- Scientific career
- Fields: epidemiology and cancer research
- Institutions: University of California at Berkeley
- Notable students: Melissa Bondy

= Patricia Happ Buffler =

Epidemiologist and cancer researcher

Patricia Happ Buffler (August 1, 1938 — September 26, 2013) was an American epidemiologist and cancer researcher, known for her work on childhood leukemia and environmental health. She was dean of the School of Public Health at the University of California at Berkeley, and was inducted into the Texas Women's Hall of Fame in 1985.

==Early life and education==
Patricia A. Happ was born in Doylestown, Pennsylvania. She attended Catholic University of America, where she earned a bachelor's degree in 1960, in nursing and biology. As a young woman Happ worked as a public health nurse in Harlem. After moving to California in the 1960s, she pursued graduate studies at Berkeley, earning a master's degree in public health administration in 1965, and completing doctoral work in epidemiology in 1963. Her dissertation was titled "Coronary Risk Factors in Japanese-Caucasian Mixed Marriages," and followed the health of Japanese war brides, whose environments changed dramatically between childhood to adulthood.

==Career==
Buffler was on the faculty at the University of Texas from 1974 to 1991, finishing her time there as a professor of epidemiology at the School of Public Health in Houston. While in Texas, she launched a study of liver cancer in the state, focused on industrial exposure. Her work was recognized in 1985 when she was inducted into the Texas Women's Hall of Fame. She was inducted into the Galveston Women's Hall of Fame that same year.
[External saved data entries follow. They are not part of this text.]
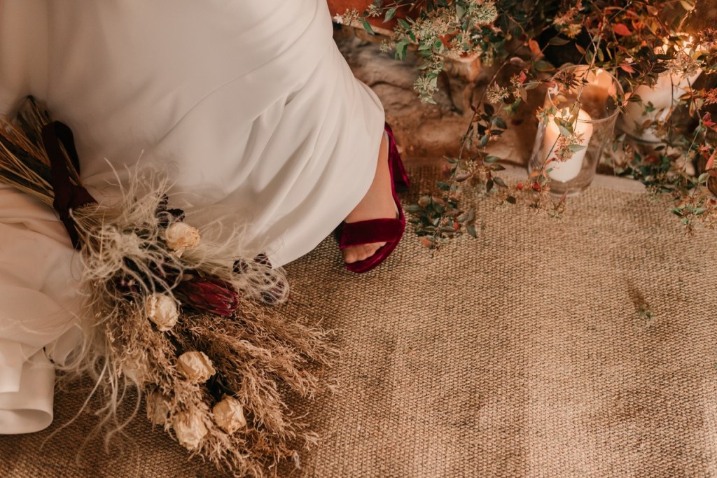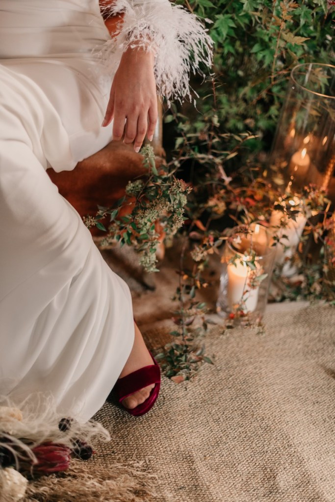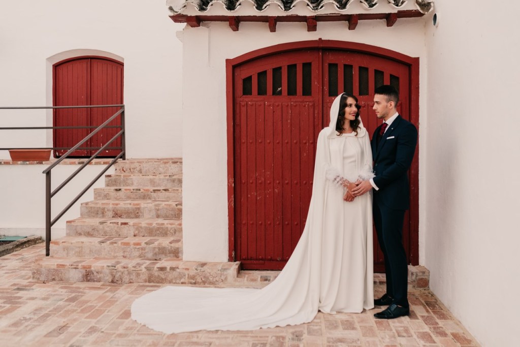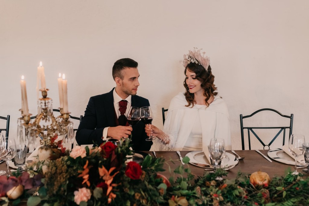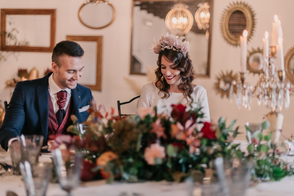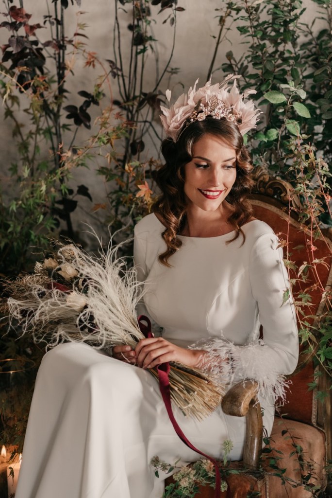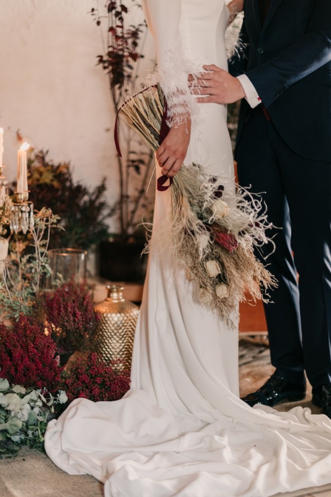 Al vestidazo de plumas y la capa de Rosa Clará, lo complementó un look espectacular, con un tocado también de plumas y pelo suelto, realizado por Ana de AyM Estilistas, y al que puso la guinda Laura con su buen hacer en el maquillaje, resaltando la belleza de una novia natural, a la que solo añadimos las sandalias de terciopelo granate de Fígara. A Gonzalo, lo vistieron los chicos de Félix Ramiro de Tomelloso, con un traje de corte clásico, y complementos en tonos también granates.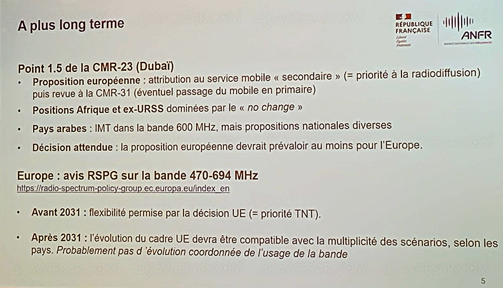 Para concluir, otra buena noticia anunciada por Gilles Brégant, director general de la ANFR (Agence Nationale des Fréquences), la seguridad de que la TDT continuará al menos hasta 2031, estando prevista una revisión (o no) de sus modalidades durante la CMR. -27 (Conferencia Mundial de Radiocomunicaciones) para el perÃodo posterior a 2031.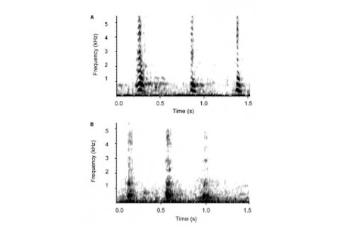 面包(上)和苹果(下)粗犷咕噜声的声学频率图(图片来源:Slocombe 和 Zuberbuhler;Current Biology 2005,第15卷)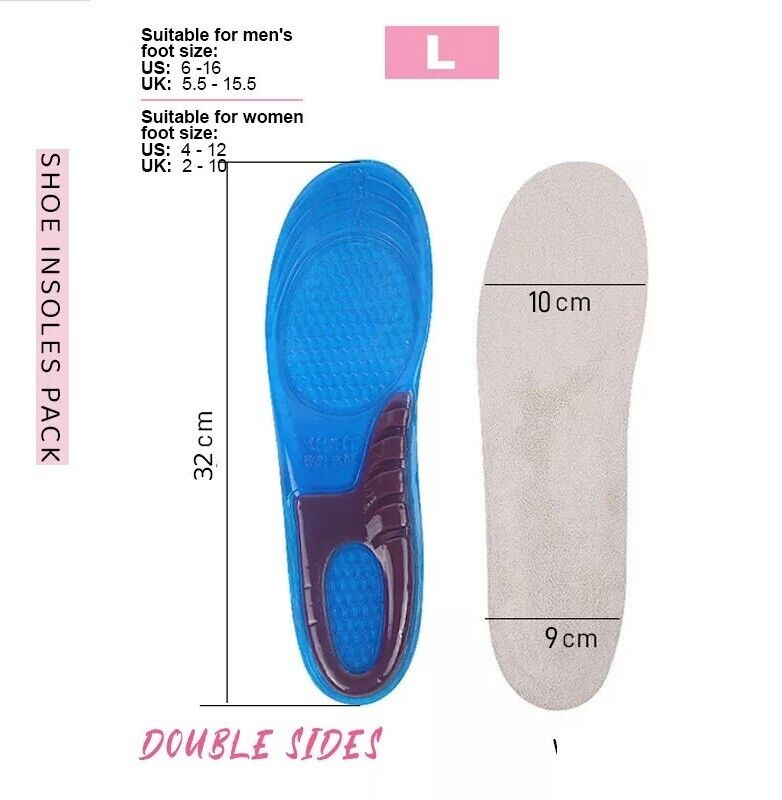 Package includes: 1 Pair Selected Size Gel Shoe Insoles - L - 10cm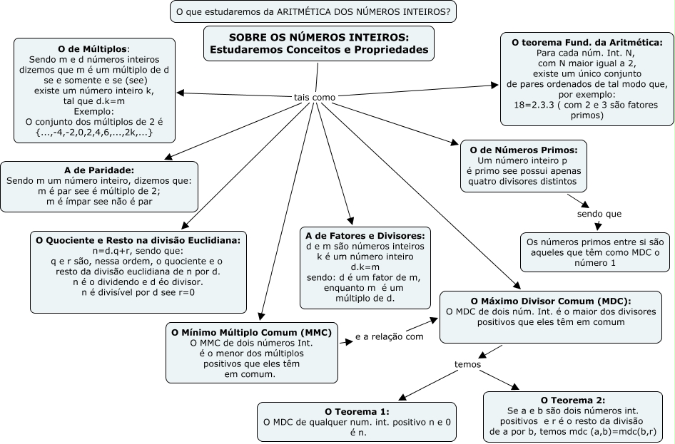 Esse mapa conceitual, produzido no IHMC CmapTools, tem a informação relacionada a: Aritmética do números inteiros, O de Números Primos: Um número inteiro p é primo see possui apenas quatro divisores distintos sendo que Os números primos entre si são aqueles que têm como MDC o número 1, O Máximo Divisor Comum (MDC): O MDC de dois núm. Int. é o maior dos divisores positivos que eles têm em comum temos O Teorema 2: Se a e b são dois números int. positivos e r é o resto da divisão de a por b, temos mdc (a,b)=mdc(b,r), SOBRE OS NÚMEROS INTEIROS: Estudaremos Conceitos e Propriedades tais como O Mínimo Múltiplo Comum (MMC) O MMC de dois números Int. é o menor dos múltiplos positivos que eles têm em comum., SOBRE OS NÚMEROS INTEIROS: Estudaremos Conceitos e Propriedades tais como O teorema Fund. da Aritmética: Para cada núm. Int. N, com N maior igual a 2, existe um único conjunto de pares ordenados de tal modo que, por exemplo: 18=2.3.3 ( com 2 e 3 são fatores primos), SOBRE OS NÚMEROS INTEIROS: Estudaremos Conceitos e Propriedades tais como A de Paridade: Sendo m um número inteiro, dizemos que: m é par see é múltiplo de 2; m é ímpar see não é par, SOBRE OS NÚMEROS INTEIROS: Estudaremos Conceitos e Propriedades tais como A de Fatores e Divisores: d e m são números inteiros k é um número inteiro d.k=m sendo: d é um fator de m, enquanto m é um múltiplo de d., SOBRE OS NÚMEROS INTEIROS: Estudaremos Conceitos e Propriedades tais como O Máximo Divisor Comum (MDC): O MDC de dois núm. Int. é o maior dos divisores positivos que eles têm em comum, SOBRE OS NÚMEROS INTEIROS: Estudaremos Conceitos e Propriedades tais como O Quociente e Resto na divisão Euclidiana: n=d.q+r, sendo que: q e r são, nessa ordem, o quociente e o resto da divisão euclidiana de n por d. n é o dividendo e d éo divisor. n é divisível por d see r=0, SOBRE OS NÚMEROS INTEIROS: Estudaremos Conceitos e Propriedades tais como O de Múltiplos: Sendo m e d números inteiros dizemos que m é um múltiplo de d se e somente e se (see) existe um número inteiro k, tal que d.k=m Exemplo: O conjunto dos múltiplos de 2 é {...,-4,-2,0,2,4,6,...,2k,...}, SOBRE OS NÚMEROS INTEIROS: Estudaremos Conceitos e Propriedades tais como O de Números Primos: Um número inteiro p é primo see possui apenas quatro divisores distintos, O Máximo Divisor Comum (MDC): O MDC de dois núm. Int. é o maior dos divisores positivos que eles têm em comum temos O Teorema 1: O MDC de qualquer num. int. positivo n e 0 é n., O Mínimo Múltiplo Comum (MMC) O MMC de dois números Int. é o menor dos múltiplos positivos que eles têm em comum. e a relação com O Máximo Divisor Comum (MDC): O MDC de dois núm. Int. é o maior dos divisores positivos que eles têm em comum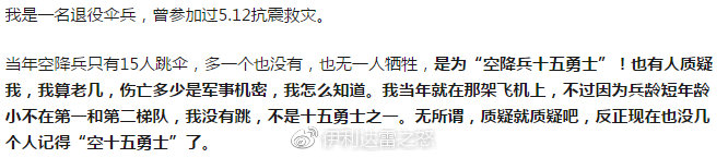 而當事人之一指出,空降兵15人跳傘,無一犧牲。

In 1995, Buffler launched the California Childhood Leukemia Study, one of the largest and broadest studies of its kind. She also headed the Center for Integrative Research on Childhood Leukemia and the Environment, begun in 2001. She formed the Childhood Leukemia International Forum in 2006, to link studies across national borders.

Buffler was an expert advisor to the World Health Organization, the United States Department of Energy, the Environmental Protection Agency, and others. She was a fellow of the American Association for the Advancement of Science, and served on the Texas Air Control Board's Research Advisory Council.

==Personal life==
Patricia Happ married Richard Thurman Buffler, a geologist, in 1962. They had two children, and lived for three years in Alaska. Patricia Happ Buffler died suddenly in her office at age 75. At the time of her death, she was president elect of the International Epidemiological Association.